Problem
Write the data out again exactly, with no pictures.

Exercise data

==*==

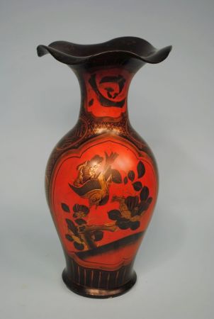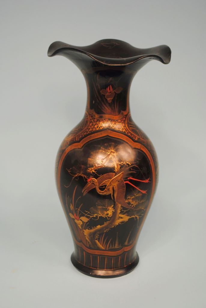 A fine Japanese 17"h Lacquer on Porcelain baluster vase, decorated on one side with a bird and flowering tree branch on red lacquer ground; on the reverse with a flying crane and a willow tree on black lacquer. Intricately gilded, with professional old repairs (difficult to identify) to fluted rim. A fine Japanese 17"h Lacquer on Porcelain baluster vase, decorated on one side with a bird and flowering tree branch on red lacquer ground; on the reverse with a flying crane and a willow tree on black lacquer. Intricately gilded, with professional old repairs (difficult to identify) to fluted rim.
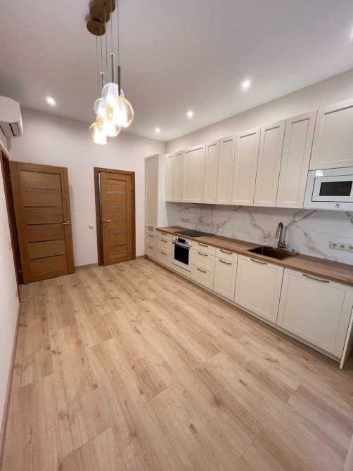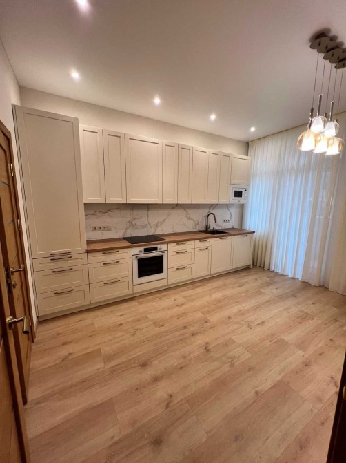 В квартире выполнен современный ремонт с использованием качественных материалов. Просторная кухня-столовая оборудована встроенной мебелью и техникой (варочная поверхность, духовка, посудомоечная машина, вытяжка, микроволновка, кондиционер). Санузлы современно облицованы, есть стиральная машинка, места хранения для всяких мелочей. На полу качественный ламинат в светлых теплых тонах, обои на стенах придают уюта, грамотно продумано освещение каждого пространства. Панорамное остекление дает больше света и пространства квартире. новый современный дом бизнес-класса.
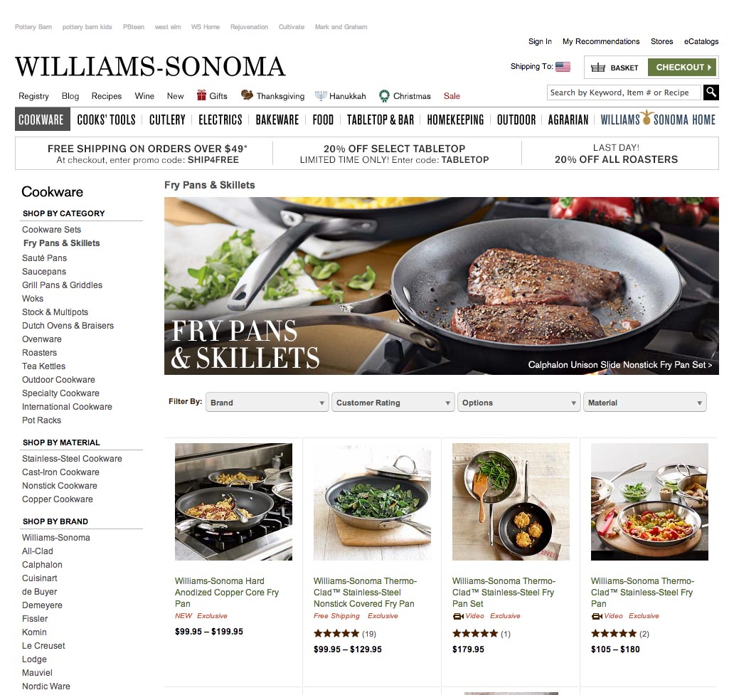 1) Position: A less prominent appearance can be achieved by placing the search field above the main navigation menu, as seen here at Williams-Sonoma with the search field located in the upper right corner of the header.

==*==

Answer section
 A fine Japanese 17"h Lacquer on Porcelain baluster vase, decorated on one side with a bird and flowering tree branch on red lacquer ground; on the reverse with a flying crane and a willow tree on black lacquer. Intricately gilded, with professional old repairs (difficult to identify) to fluted rim. A fine Japanese 17"h Lacquer on Porcelain baluster vase, decorated on one side with a bird and flowering tree branch on red lacquer ground; on the reverse with a flying crane and a willow tree on black lacquer. Intricately gilded, with professional old repairs (difficult to identify) to fluted rim.
 В квартире выполнен современный ремонт с использованием качественных материалов. Просторная кухня-столовая оборудована встроенной мебелью и техникой (варочная поверхность, духовка, посудомоечная машина, вытяжка, микроволновка, кондиционер). Санузлы современно облицованы, есть стиральная машинка, места хранения для всяких мелочей. На полу качественный ламинат в светлых теплых тонах, обои на стенах придают уюта, грамотно продумано освещение каждого пространства. Панорамное остекление дает больше света и пространства квартире. новый современный дом бизнес-класса.
 1) Position: A less prominent appearance can be achieved by placing the search field above the main navigation menu, as seen here at Williams-Sonoma with the search field located in the upper right corner of the header.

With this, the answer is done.